United States Steel Corp. v. United States Environmental Protection Agency, Republic Steel Corporation v. Environmental Protection Agency

595 F.2d 207, 9 Envtl. L. Rep. (Envtl. Law Inst.) 20311, 13 ERC (BNA) 1149, 1979 U.S. App. LEXIS 14959
CourtCourt of Appeals for the Fifth Circuit
DecidedMay 3, 1979
Docket78-1922, 78-1927
StatusPublished
Cited by145 cases

This text of 595 F.2d 207 (United States Steel Corp. v. United States Environmental Protection Agency, Republic Steel Corporation v. Environmental Protection Agency) is published on Counsel Stack Legal Research, covering Court of Appeals for the Fifth Circuit primary law. Counsel Stack provides free access to over 12 million legal documents including statutes, case law, regulations, and constitutions.

Bluebook
United States Steel Corp. v. United States Environmental Protection Agency, Republic Steel Corporation v.

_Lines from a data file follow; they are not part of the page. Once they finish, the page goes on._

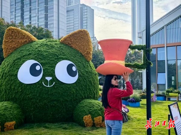 南侧“萌猫戏秋”菊花小景,主体是一只圆滚滚的大眼萌猫,全身覆盖着仿真苔藓,毛茸茸的十分可爱。萌猫前面的灯杆上,悬挂着一顶高高的礼帽,吸引游客纷纷上前,踮起脚跟好给自己“戴高帽”。沙湖公园园林工程师张倩介绍,这只萌猫高约2米、长约4米,由今年武汉世界花园大会的竹编地球“改编”而成。“摇身一变”后,几乎没人能认出来。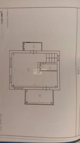 Первый этаж: Хозяйственная пристройка (раздевалка), санузел, лестница, зал 46м², кухня 13,5м² с отдельным выходом на веранду 19м².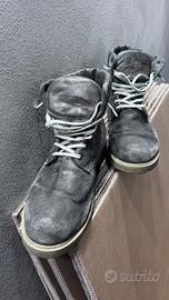 Scarponcino stringato e scamosciato, colore grigio talpa in buone condizioni.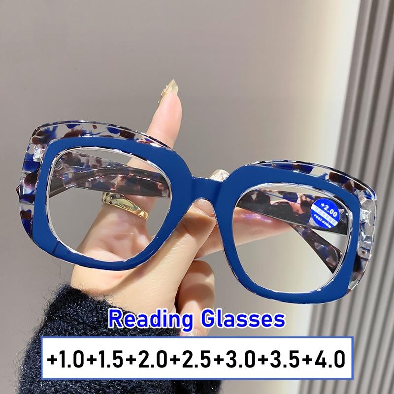 Women's Large Frame Reading Glasses Unisex Fashion Luxury Blue Light Blocking Hyperopia Trendy Round Oversized Far Sight Eyewear
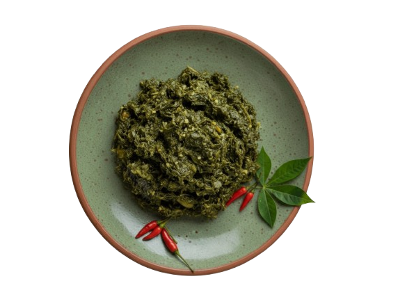 Pâte de manioc pilée puis cuite lentement pour obtenir une texture souple et élastique traditionnel.
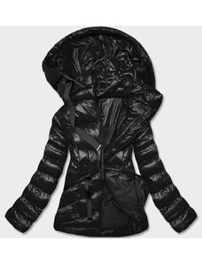 Libland Dámská lesklá bunda s žebrovaným lemem černá (LD7250)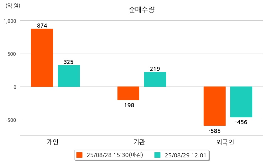 투자자별 동향을 살펴보면 기관은 219억 원 순매수했으며, 외국인은 456억 원 순매도했다. 개인은 325억 원 순매수했다.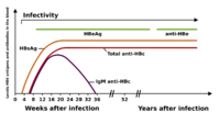 If the host is able to clear the infection, eventually the HBsAg will become undetectable and will be followed by IgG antibodies to the hepatitis B surface antigen and core antigen (anti-HBs and anti HBc IgG).[38] The time between the removal of the HBsAg and the appearance of anti-HBs is called the window period. A person negative for HBsAg but positive for anti-HBs either has cleared an infection or has been vaccinated previously.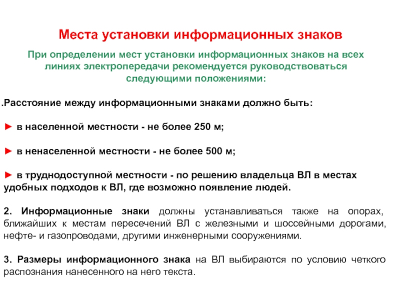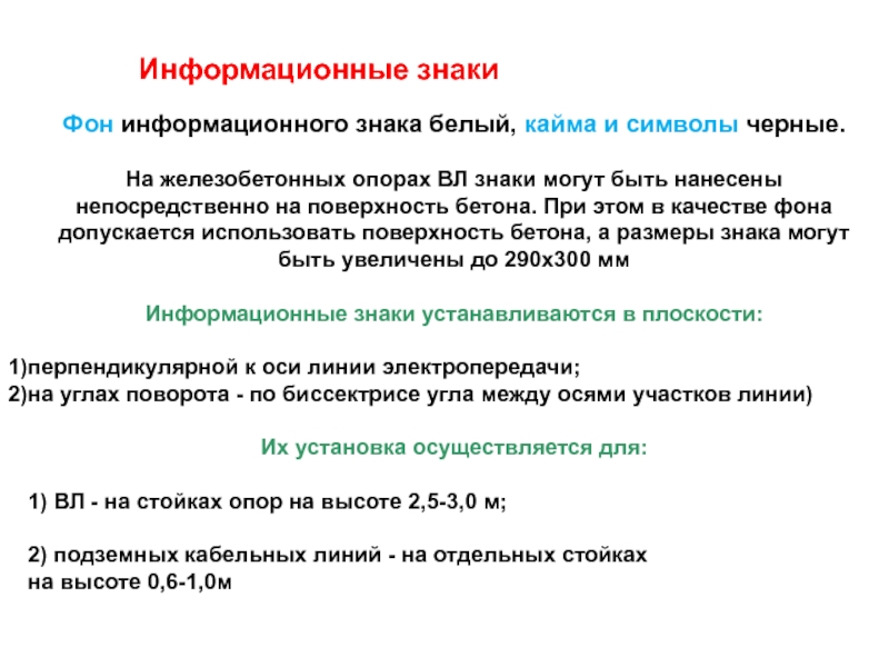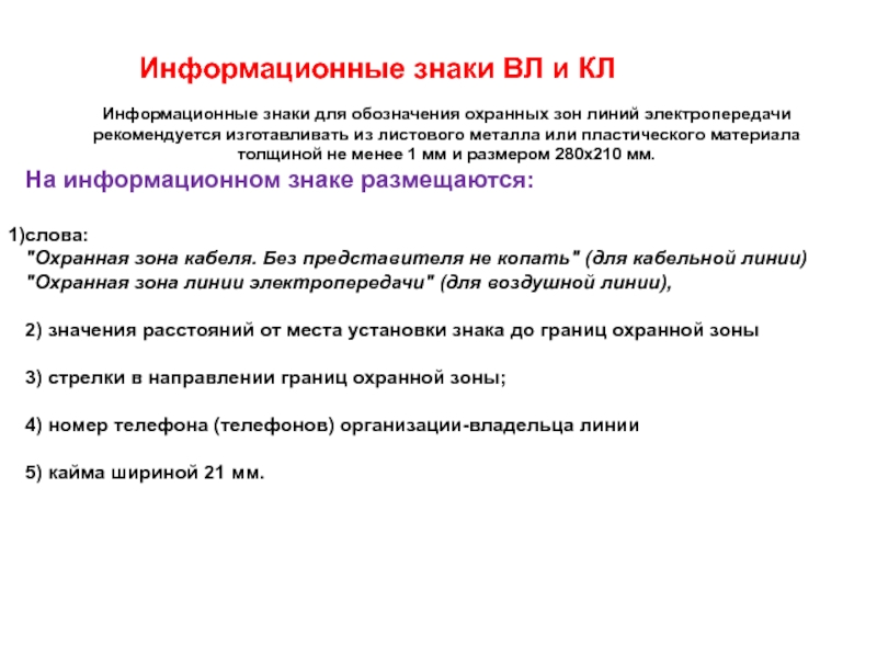 ► плакаты, на которых указаны расстояния от опоры ВЛ до кабельной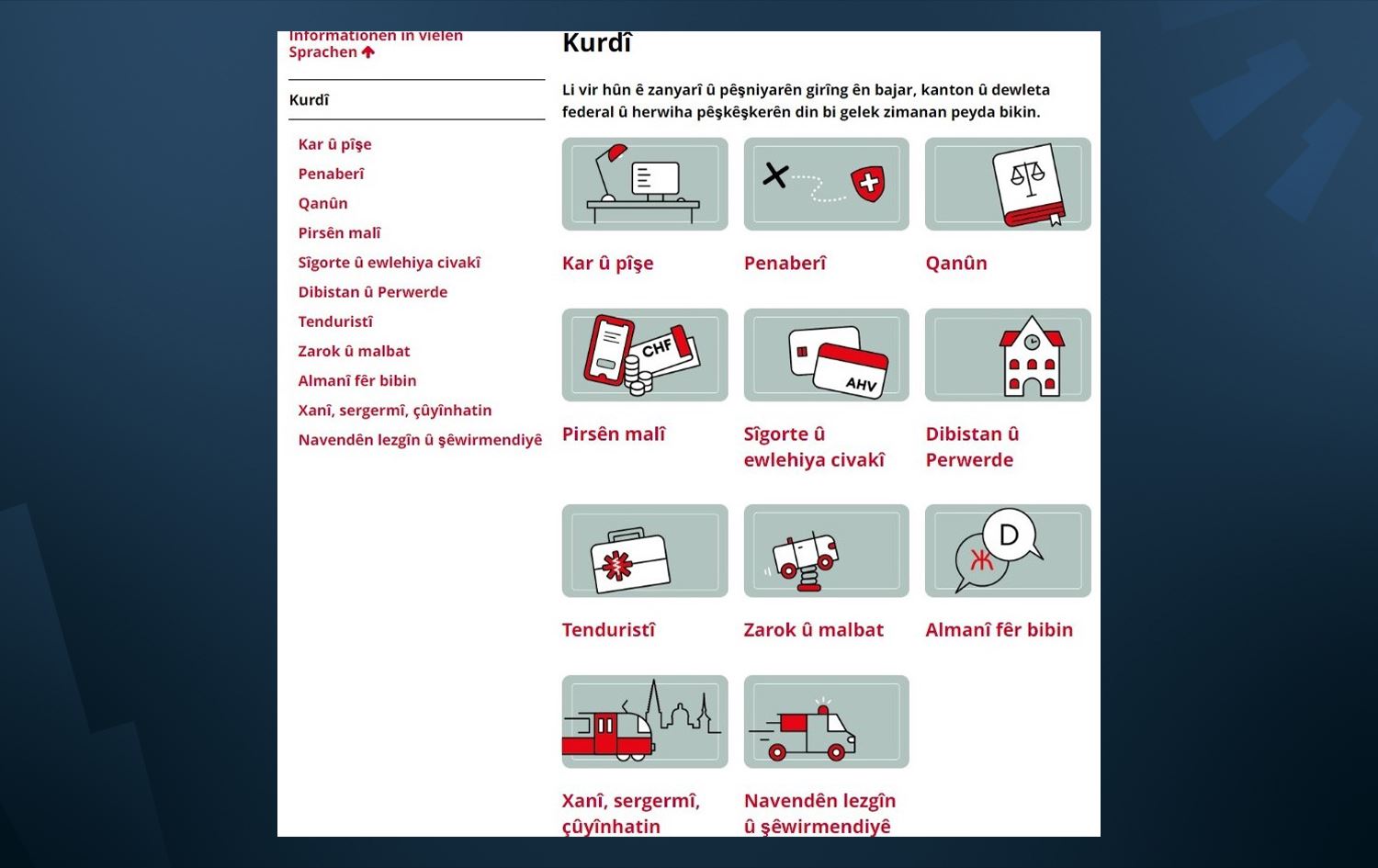 Bajarê Bernê niha bi 15 zimanan agahiyan dide xelkê xwe. Bajarê Bernê malpera xwe bi dozdeh zimanan nû kir û Rûsî, Ukraynî û Kurdî jî lê zêde kir.

Environmental Protection Agency, 595 F.2d 207, 9 Envtl. L. Rep. (Envtl. Law Inst.) 20311, 13 ERC (BNA) 1149, 1979 U.S. App. LEXIS 14959 (5th Cir. 1979).

Opinion

GODBOLD, Circuit Judge:

Petitioners United States Steel and Republic Steel have petitioned for review of the Environmental Protection Agency’s designation of areas in Alabama as nonattainment areas for suspended particulate pollution pursuant to § 107(d) of the Clean Air Act, 42 U.S.C. § 7407(d). 1 These designations mean that particulate levels in these areas 2 exceed the national primary ambient air quality standards set by the EPA under § 7409.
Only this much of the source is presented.